How to find a substring using partial matching

Question

bigString = "AGAHKGHKHASNHADKRGHFKXXX_I_AM_THERE_XXXXXMHHGRFSAHGSKHASGKHGKHSKGHAK"
smallString = "I_AM_HERE"

Which efficient algorithm should I use to find a substring of the "bigString" that matches closely to the "smallString"

output = "I_AM_THERE"

The output may have few insertions and deletions when compared with small string.
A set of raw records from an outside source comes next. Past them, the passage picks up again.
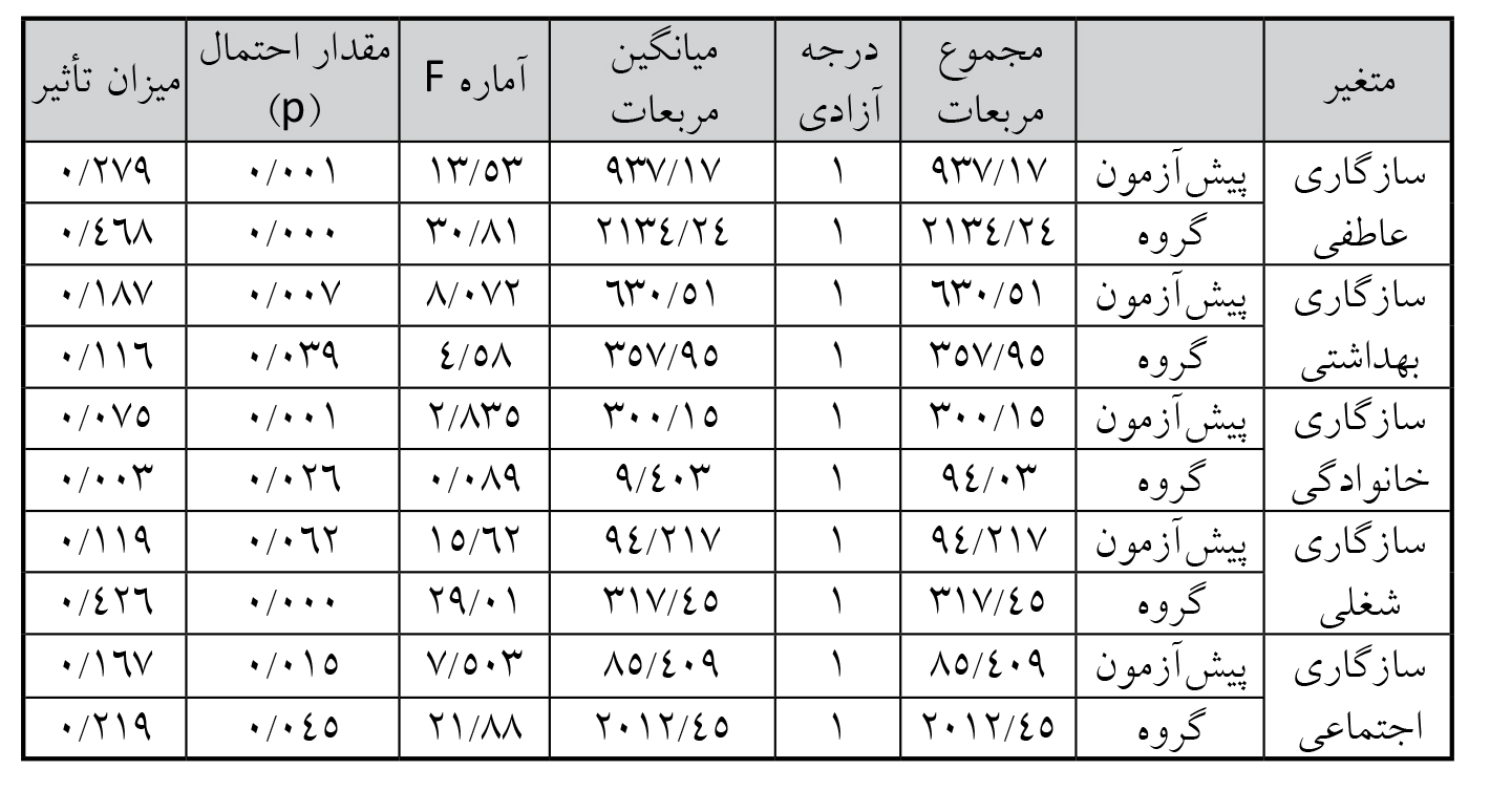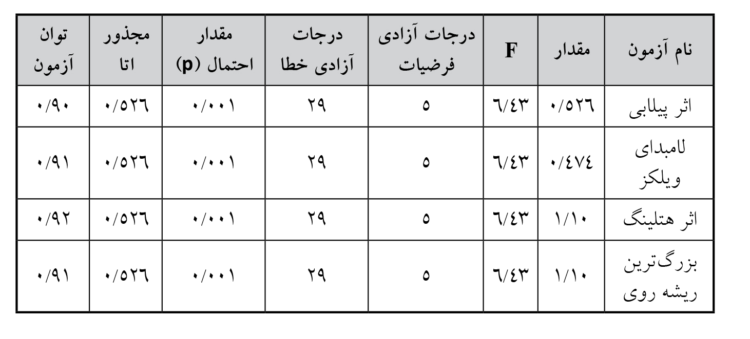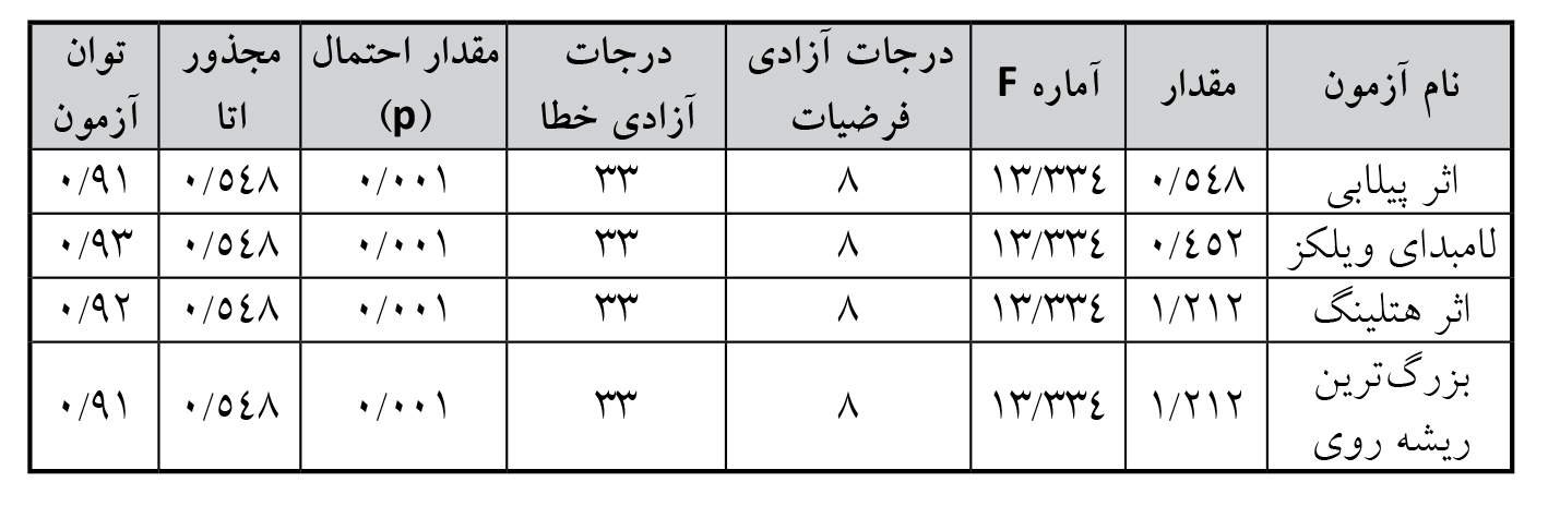 جدول 5- نتایج حاصل از آزمون کولموگروف-اسمیرنف
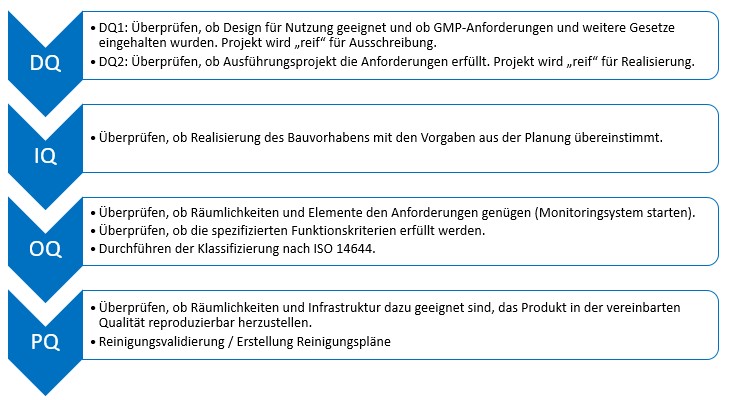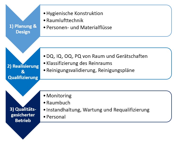 Die Betriebshygiene in reinen Bereichen ist besonders wichtig. Aus diesem Grund ist nach Qualifizierung des Raumes auch noch eine Reinigungsvalidierung durchzuführen, um Kontaminationen vorbeugen zu können und Partikelwerte tief halten zu können:
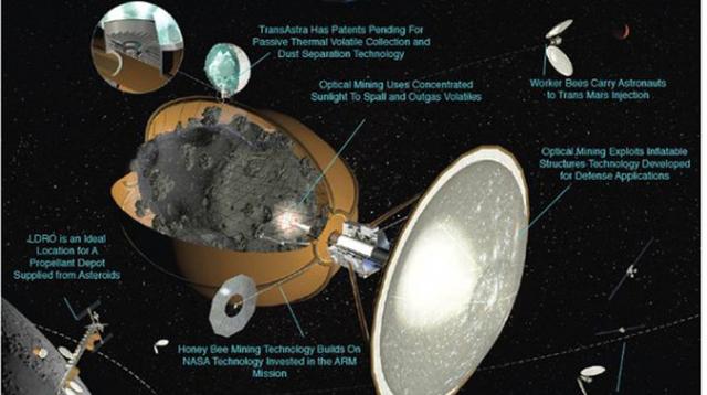該方法的特點是可收集小行星上的水資源,將小行星裝入一個巨大的充氣裝置中,通過直接加熱太陽能提高充氣裝置內(nèi)部的溫度。同時集中使用太陽能加熱可在小行星表面鉆洞,破壞小行星的堅實結(jié)構(gòu),有利于后續(xù)開采小行星。當(dāng)飛船到底目的地后,小行星開采的前處理工作也基本完成了。首席研究員Joel Sercel估計一次收集120噸的液態(tài)水,同時還有其他蒸發(fā)出來的物質(zhì)。
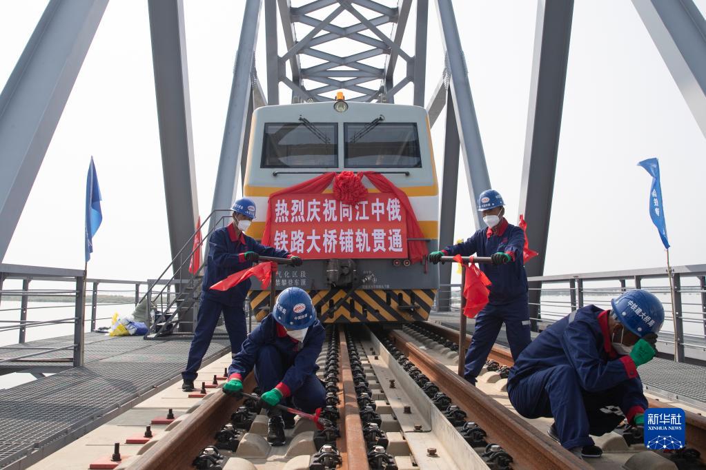 2021年8月17日,工人在同江中俄黑龙江铁路大桥施工现场进行施工。同江中俄黑龙江铁路大桥位于中国黑龙江省同江市与俄罗斯下列宁斯阔耶市之间,桥梁全长约7194米,主桥长约2215米,其中中方境内主桥长约1886米,设计运营时速100公里、年过货能力2100万吨。新华社记者 张涛 摄
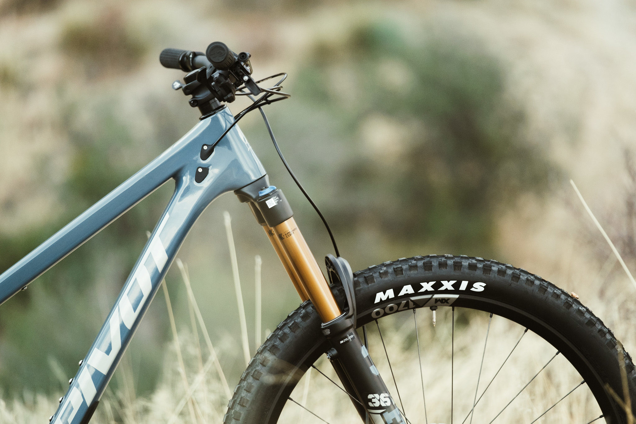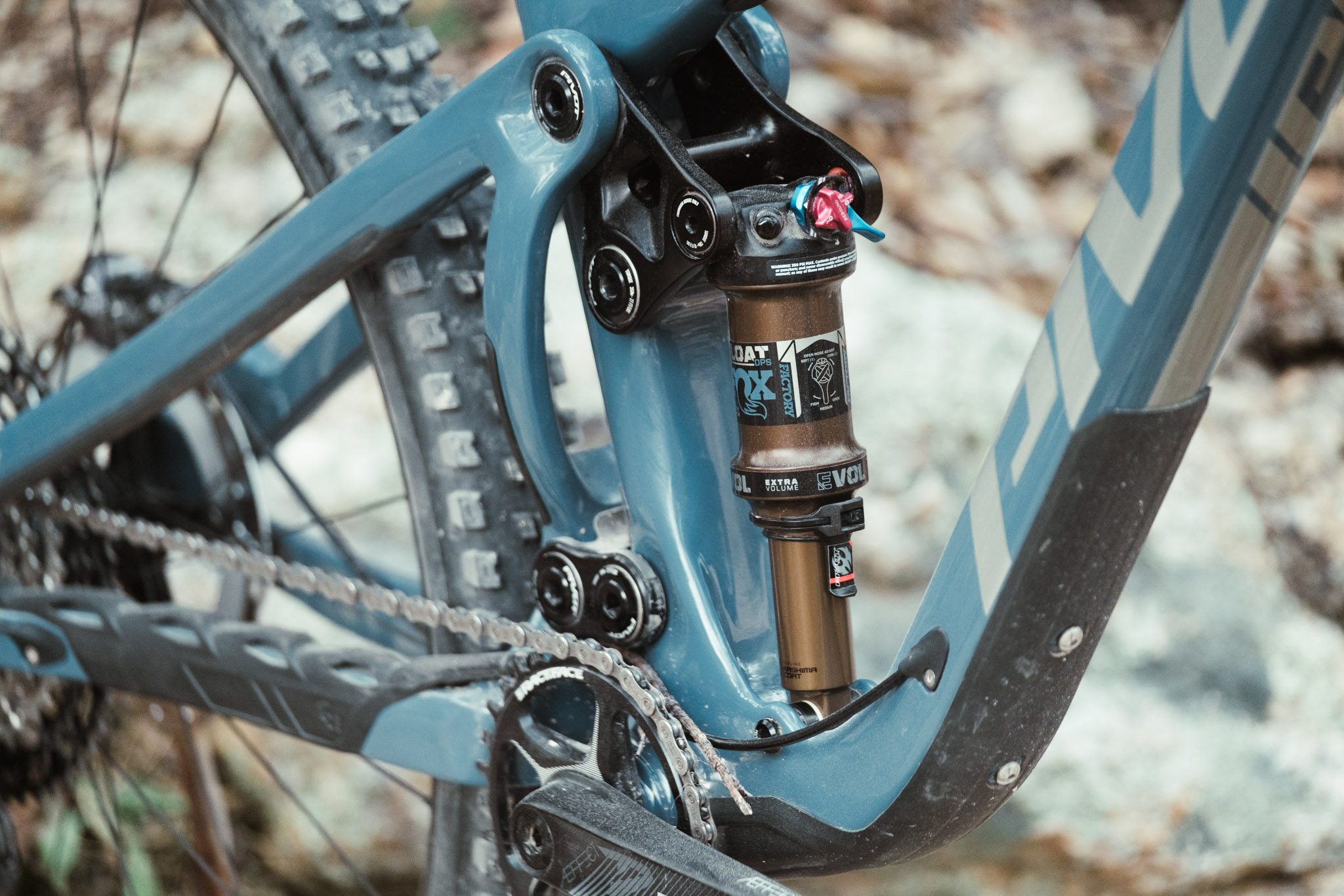 Les suspensions sont fournies uniquement par Fox, avec le petit amortisseur DPS à l’arrière et une 36 à l’avant. Selon le niveau de gamme, cette dernière est proposée en cartouche Grip ou Fit4. On peut regretter qu’il n’y ait pas de Grip2 au programme, car même si la cartouche Fit4 peut être intéressante pour une pratique polyvalente avec son blocage, ses performances en terme de maintien sont, selon notre expérience, insuffisantes pour un tel débattement.
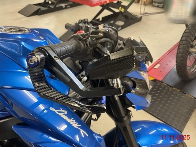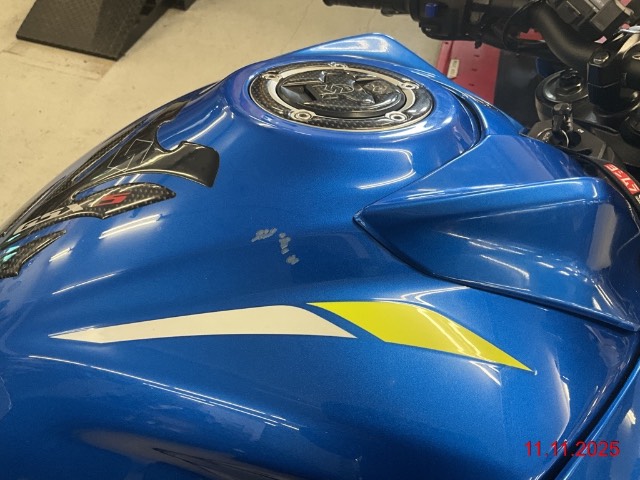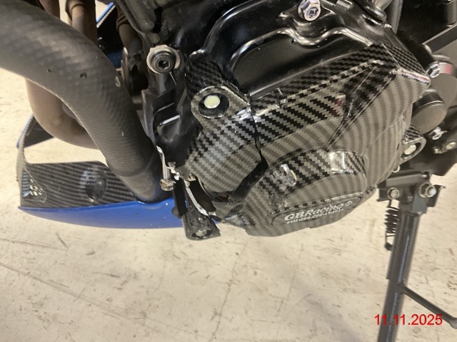 Schadensbeschreibung Seite links : Motordeckel gerissen, Scheinwerfer zerschlagen, unterer Teil Gabel zerkratzt / Seite rechts : Verschalung vorne zerkratzt, Motordeckel zerkratzt, Spiegel, Bremshebel, Lenkergewicht, Auspuff zerkratzt, Tank zerkratzt, Fussbremshebel verformt, Fussraster zerkratzt / Risiko: Motor!! / Vorbestandene Schäden: Gebrauchsspuren
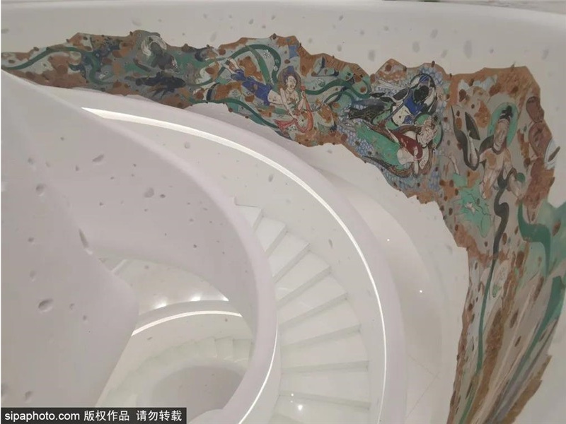 连通B1和2层后庭的石窟云梯上布满了龟兹壁画,诠释着西域美学。
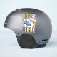 Ilustração colorida com estilo Memphis com design de texto e skate de rolo, caixa de boom, cassete e formas geométricas com "anos 80 Rapariga"
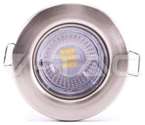 LED V-TAC Φωτιστικό Σποτ 5W Downlight Σατινέ Νίκελ Στρογγυλό SAMSUNG Chip Αδιάβροχο Dimmable Φως Ημέρας
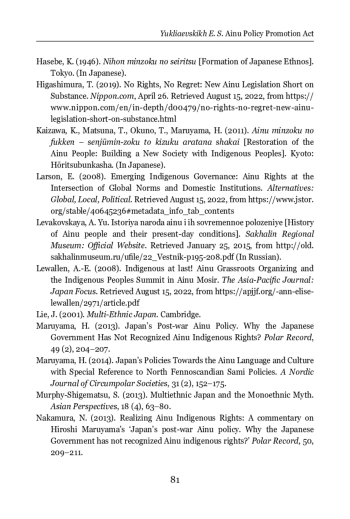 14. Maruyama, H. (2013). Japan’s Post-war Ainu Policy. Why the Japanese Government Has Not Recognized Ainu Indigenous Rights? Polar Record, 49 (2), 204-207.
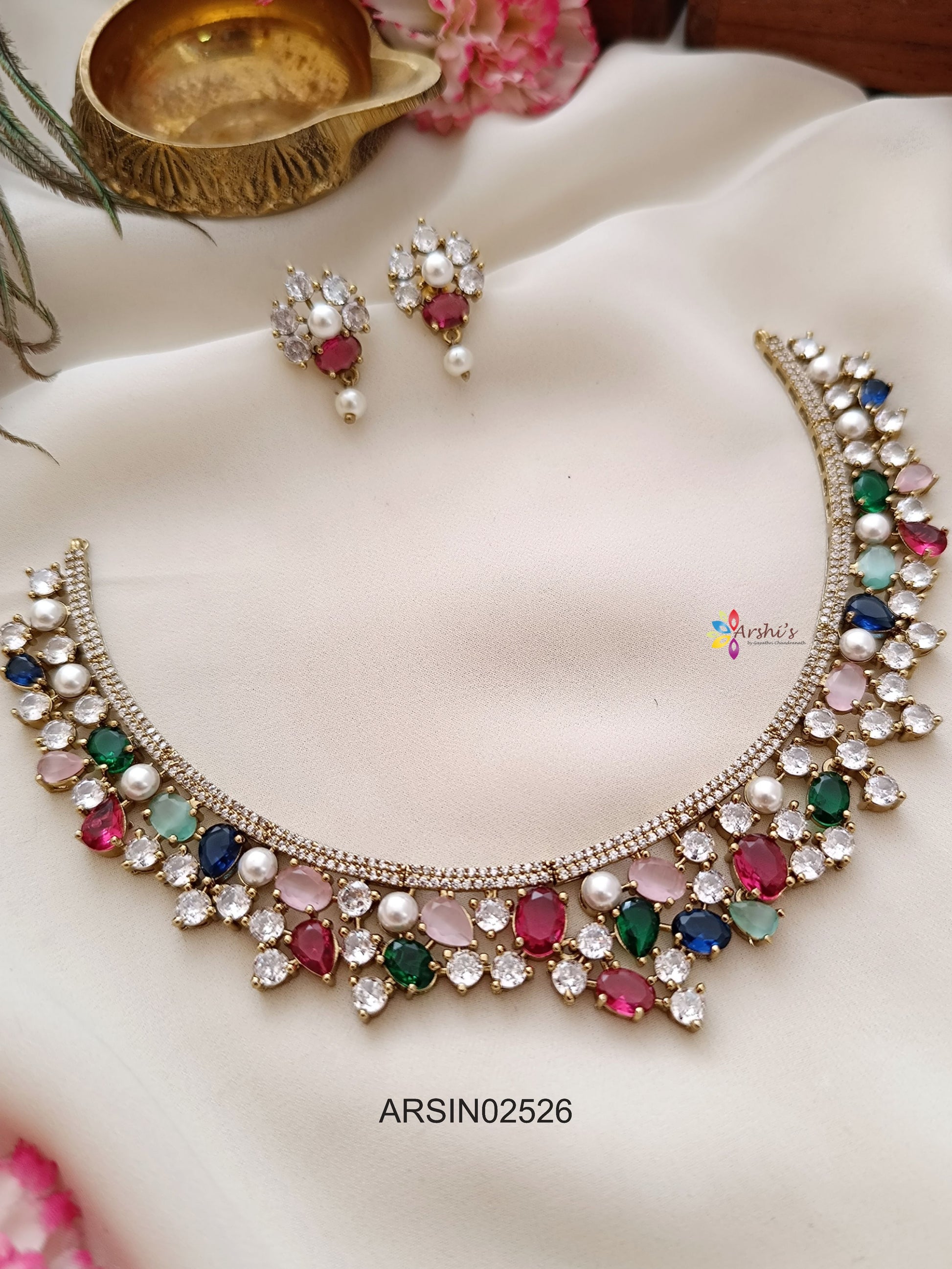 This Multi Color Stone Necklace is a vibrant celebration of hues and heritage. Adorned with an array of colourful stones, it adds a playful yet elegant touch to any traditional or festive outfit.

Edit: Found a good example, very close to my problem here: How to add variable error to regex fuzzy search. Python

When you say `that matches closely ` do you mean exact match only or a fuzzy match? — dawg, Nov 12 '13 at 21:12
@jazzpi: Great minds not only think alike, but at the same time... — Scott Hunter, Nov 12 '13 at 21:21
Without knowing exactly what you mean by "matching closely", nobody can give you a real answer. However, Wikipedia has a nice article on [approximate string matching](http://en.wikipedia.org/wiki/Approximate_string_matching) that describes some of the choices, and links to some of the major algorithms (many of which have links to Python implementations, or at least to easy psuedocode that you can convert to Python). Hopefully that's enough to get you started. — abarnert, Nov 12 '13 at 21:24
Can characters be deleted? Can characters be inserted? Can characters be swapped? Can characters merely be replaced? Maybe check out https://pypi.python.org/pypi/python-Levenshtein/ — dstromberg, Nov 12 '13 at 21:28
@dawg, its not exact. There may be some insertions and deletions — user1140126, Nov 12 '13 at 21:36
@dstromberg, actually I was using "Levenshtein" package and the `ratio` and `distance` package is not suitable here — user1140126, Nov 12 '13 at 21:38
Take a look at the new [regex](https://pypi.python.org/pypi/regex) module — dawg, Nov 12 '13 at 21:38
@dawg, thanks for pointing me to the module. I think it is helpful and can solve my problem — user1140126, Nov 12 '13 at 22:14

score 8 · Accepted Answer · edited Apr 24 '16 at 04:02

You can use the almost-ready-to-be-everyones-regex package with fuzzy matching:

>>> import regex
>>> bigString = "AGAHKGHKHASNHADKRGHFKXXX_I_AM_THERE_XXXXXMHHGRFSAHGSKHASGKHGKHSKGHAK"
>>> regex.search('(?:I_AM_HERE){e<=1}',bigString).group(0)
'I_AM_THERE'

Or:

>>> bigString = "AGAH_I_AM_HERE_RGHFKXXX_I_AM_THERE_XXX_I_AM_NOWHERE_EREXXMHHGRFS"
>>> print(regex.findall('I_AM_(?:HERE){e<=3}',bigString))
['I_AM_HERE', 'I_AM_THERE', 'I_AM_NOWHERE']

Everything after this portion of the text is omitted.